Khush, who has patients from all over California and neighboring states, believes these molecular tests are critical for achieving health equity and can reduce some of the burdens of follow-up, including economic disparities.
“We have patients from Hawaii—they’ve got to take time off work and pay for travel, and paying for a hotel in Palo Alto is expensive,” said Khush. “It’s a big deal for them to come in for these types of surveillance procedures when the likelihood of finding rejection on a surveillance biopsy is low. If we could have them go to a local lab in whatever city they live in, get a blood draw, and do surveillance, they wouldn’t have to take time off work or travel. However, we could still safely keep close tabs on these patients and do regular surveillance, no matter where they are. It expands access to good transplant care for our patients and removes some barriers to caring for them.”
Biopsies are also riddled with issues that limit testing frequency, not just because of their invasive nature but also because it is difficult for patients to travel. With HeartCare, doctors can reach almost any patient and test them as often as they see fit.

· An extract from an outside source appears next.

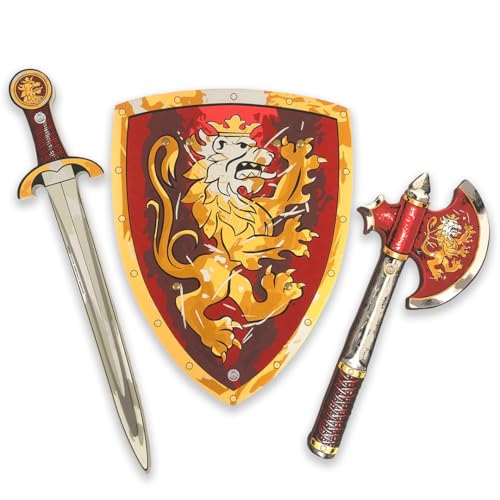 Liontouch - Ädla Riddare Leksakssvärd, Sköld & Yxa för Barn, Röd | Medeltida Lekset i Skum för Barn med Gyllene Lejon Tema | Säkra Vapen & Stridsrustning för Utklädnad & Kostymer

“We could check them every week or two while we’re adjusting their immunosuppression to find that right balance so that we’re immunosuppressing them just enough to prevent rejection of their graft, but we’re trying not to immunosuppress them too much so they develop all these long-term complications,” said Khush. “I hope that ultimately, the longer-term outcomes after transplant will be better with these more personalized approaches to therapy using noninvasive surveillance.”